TASK PROMPT:
Leaving out the images, return the data below exactly as it is written.
====== PROVIDED DATA ======
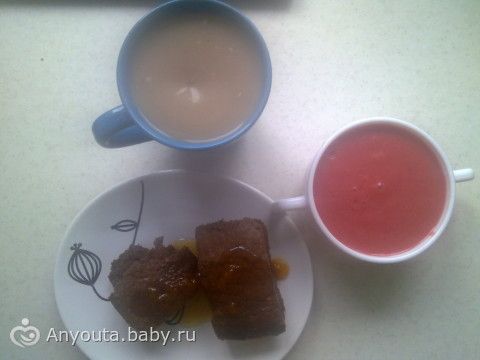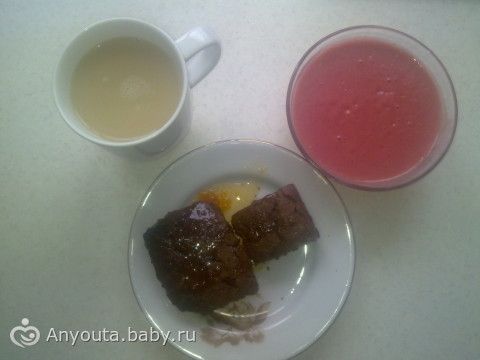 Кекс шоколадный, сироп абрикосовый, смусси клубнично- банановый, цикорий с молоком.
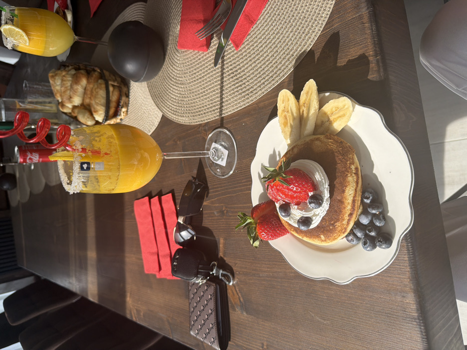 A dining table in Kostinbrod, Bulgaria, is set for a meal, illuminated by strong natural sunlight casting distinct shadows. In the foreground, a white, scalloped-edge plate holds two pancakes topped with whipped cream, two whole red strawberries, and multiple dark blueberries. Sliced bananas are fanned out on the right side of the plate. To the left of the plate, a brown patterned wallet, a car key fob with a single key, and dark sunglasses are placed on the dark brown wooden table. A stack of four folded red paper napkins rests above these personal items. In the mid-ground, a stemmed glass containing an orange liquid is present, featuring a sugar-rimmed edge, a yellow lemon wedge, and a red spiral straw. A small white label with a black symbol is affixed to the glass. This glass is positioned on a light beige, woven circular placemat. Further right, another similar placemat holds a folded red napkin with a silver fork and knife. Another stemmed glass, identical in style, also containing an orange liquid with a sugar-rim and lemon slice, is situated on this placemat. A dark wicker basket filled with multiple crescent-shaped pastries and a matte black spherical object are positioned between the second glass and the background. A red Coca-Cola can is partially visible in the blurred background. Dark upholstered chairs are visible along the length of the table in the background.
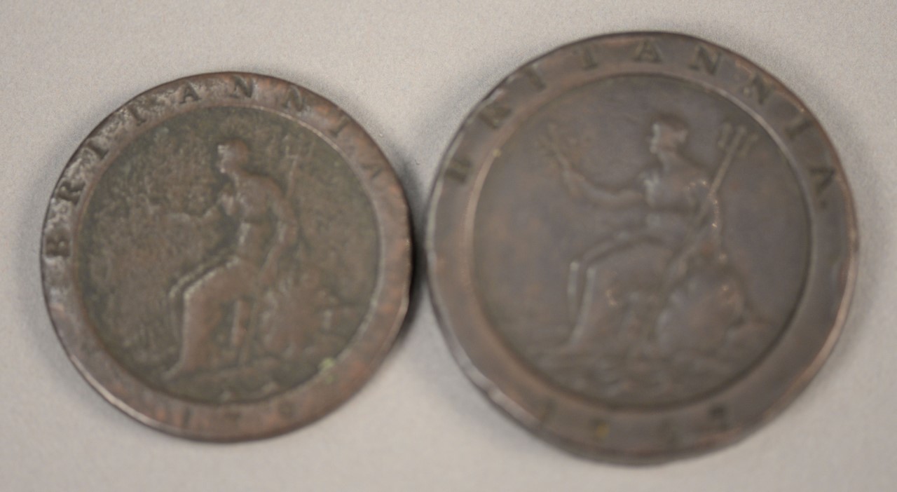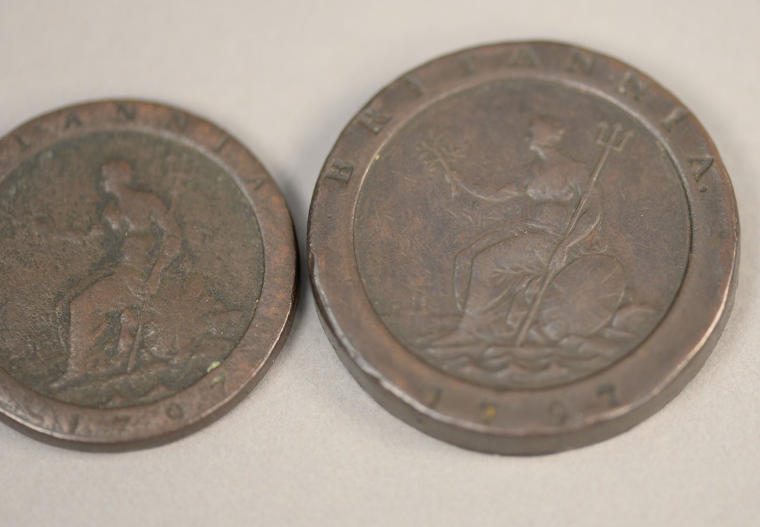 Lot 16: Two early copper coins including George III 1797 Britannia 2 pence cartwheel coin and a 1797 Britannia George III D. G. Rex large cent.
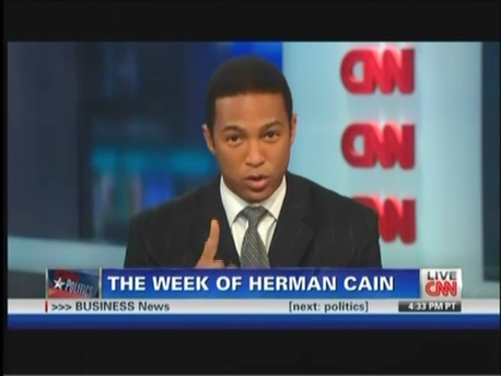 So Cain is borderline racist for thinking blacks are brainwashed by Democrats, but it is "outright fantastical" for him to claim he's going to get 30 percent of the black vote. Neither Lemon nor his guest noticed the irony:
======
ANSWER BOX:
 Кекс шоколадный, сироп абрикосовый, смусси клубнично- банановый, цикорий с молоком.
 A dining table in Kostinbrod, Bulgaria, is set for a meal, illuminated by strong natural sunlight casting distinct shadows. In the foreground, a white, scalloped-edge plate holds two pancakes topped with whipped cream, two whole red strawberries, and multiple dark blueberries. Sliced bananas are fanned out on the right side of the plate. To the left of the plate, a brown patterned wallet, a car key fob with a single key, and dark sunglasses are placed on the dark brown wooden table. A stack of four folded red paper napkins rests above these personal items. In the mid-ground, a stemmed glass containing an orange liquid is present, featuring a sugar-rimmed edge, a yellow lemon wedge, and a red spiral straw. A small white label with a black symbol is affixed to the glass. This glass is positioned on a light beige, woven circular placemat. Further right, another similar placemat holds a folded red napkin with a silver fork and knife. Another stemmed glass, identical in style, also containing an orange liquid with a sugar-rim and lemon slice, is situated on this placemat. A dark wicker basket filled with multiple crescent-shaped pastries and a matte black spherical object are positioned between the second glass and the background. A red Coca-Cola can is partially visible in the blurred background. Dark upholstered chairs are visible along the length of the table in the background.
 Lot 16: Two early copper coins including George III 1797 Britannia 2 pence cartwheel coin and a 1797 Britannia George III D. G. Rex large cent.
 So Cain is borderline racist for thinking blacks are brainwashed by Democrats, but it is "outright fantastical" for him to claim he's going to get 30 percent of the black vote. Neither Lemon nor his guest noticed the irony:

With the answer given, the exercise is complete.